Jakarta (ANTARA) - Indonesia membukukan surplus neraca perdagangan sebesar 2,41 miliar dolar AS (1 dolar AS = Rp15.493) pada November 2023, menandai surplus selama 43 bulan secara berturut-turut atau sejak Mei 2020.

Namun, Badan Pusat Statistik (BPS) melaporkan nilai surplus bulan lalu lebih kecil dibandingkan angka Oktober tahun ini sebesar 3,48 miliar dolar AS dan dibandingkan November 2022 yang mencapai 5,1 miliar dolar AS. Penurunan ini dipengaruhi oleh nilai ekspor yang menurun sementara nilai impor meningkat.

Nilai ekspor pada November lalu mencapai sebesar 22 miliar dolar AS, turun tipis 0,7 persen dibandingkan bulan sebelumnya baik untuk komoditas minyak dan gas (migas) maupun nonmigas, terutama besi dan baja, nikel dan ampas sisa industri makanan. Secara tahunan, nilai ekspor turun 8,6 persen.

Seorang ekonom dari Bank Danamon, Irman Faiz, mengatakan bahwa penurunan ekspor Indonesia secara tahunan disebabkan oleh penurunan harga komoditas pertambangan khususnya batu bara. Faktor-faktor lainnya yaitu permintaan global yang lemah menyebabkan ekspor produk manufaktur menurun.

Sementara itu, salah satu penyebab meningkatnya nilai impor adalah karena peningkatan permintaan domestik menjelang Hari Raya Natal dan libur akhir tahun, terlihat dari impor barang konsumsi yang meningkat lebih dari 10 persen dan barang modal hampir 7 persen dalam satu bulan.

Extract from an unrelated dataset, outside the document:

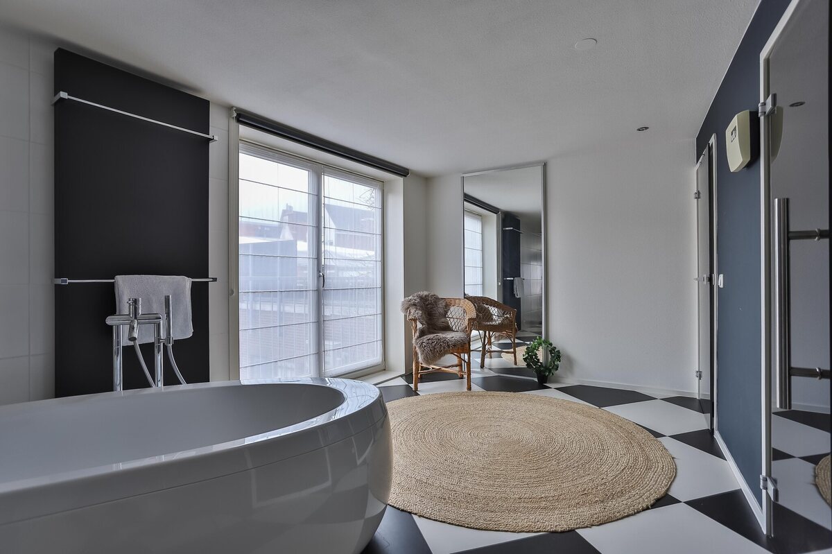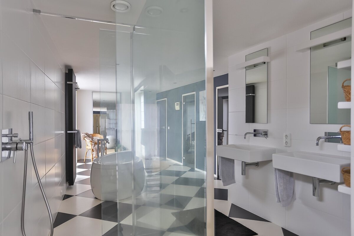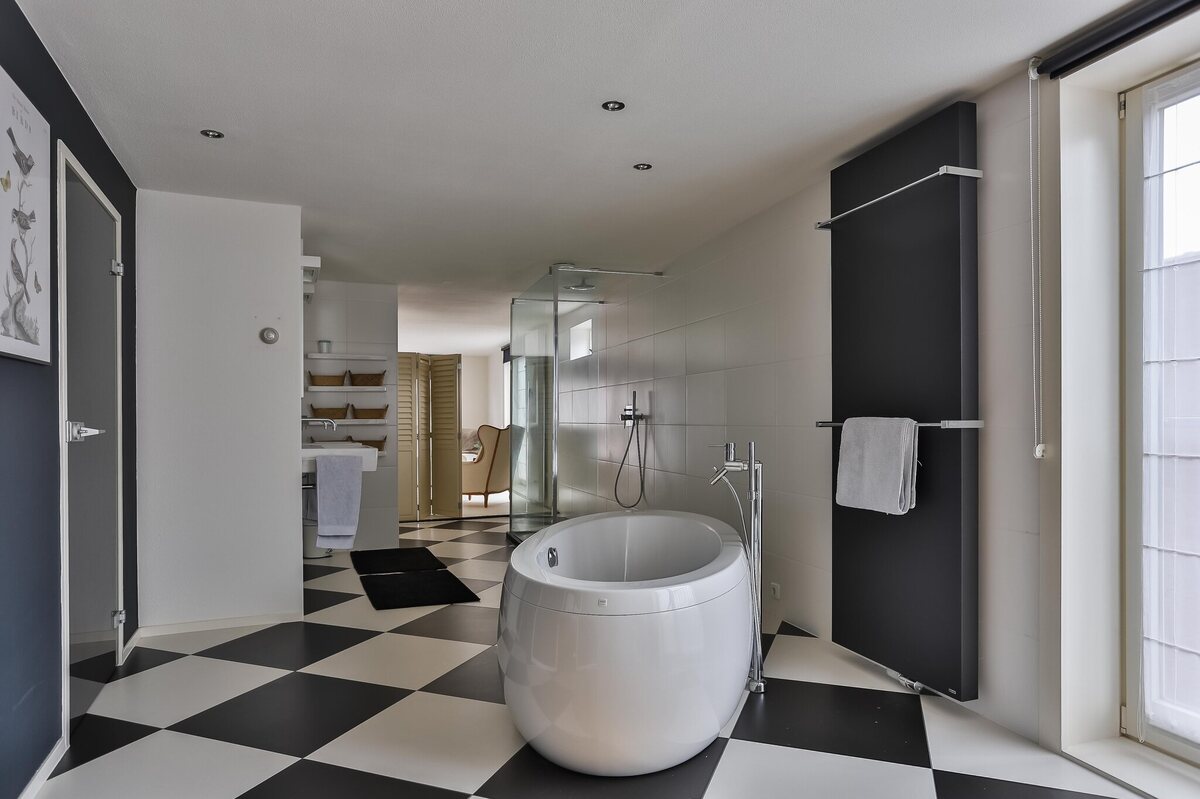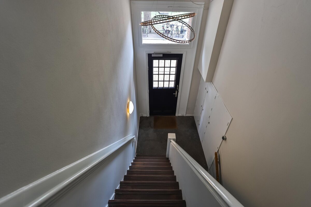 Begane grond: entree met intercomsysteem, trappenhuis naar de bergingen en woonetages.Eerste verdieping: entree met hal, toilet en trapopgang. De prachtige living met zicht op de A-kerk door de grote raampartijen is ruim 50 m2 groot en v.v. een fraaie houten planken vloer. De moderne open keuken is van alle gemakken voorzien (2-pits gaskookplaat; wokbrander; bakplaat; afzuigkap; combimagnetron; stoomoven; koelkast; vriezer en vaatwasser) met een mooie opstelling door het kookeiland.Tweede verdieping: overloop met toegang tot de twee slaapkamers van ca. 12 m2 en 24 m2 (v.v. Frans balkon) en de tweede badkamer (v.v. wastafel en inloopdouche). De meest ruime slaapkamer heeft een open verbinding naar de majestueuze badkamer wat werkelijk een uniek beeld geeft met alle luxe en comfort inbegrepen. De badkamer/wellnessruimte is circa 42 m2 groot en voorzien van een inloop regendouche, dubbele wastafel, vrijstaand ligbad, sauna, toilet, inloopkast en doorgang naar de tweede badkamer.

Irman memperkirakan surplus perdagangan Indonesia akan semakin berkurang di masa depan. "Oleh karena itu, kami mempertahankan perkiraan kami untuk defisit transaksi berjalan tahun ini sebesar 0,4 persen dari produk domestik bruto (PDB), dan mengantisipasi kenaikan PDB menjadi 1 persen untuk tahun depan," tulisnya dalam sebuah catatan setelah data BPS dirilis.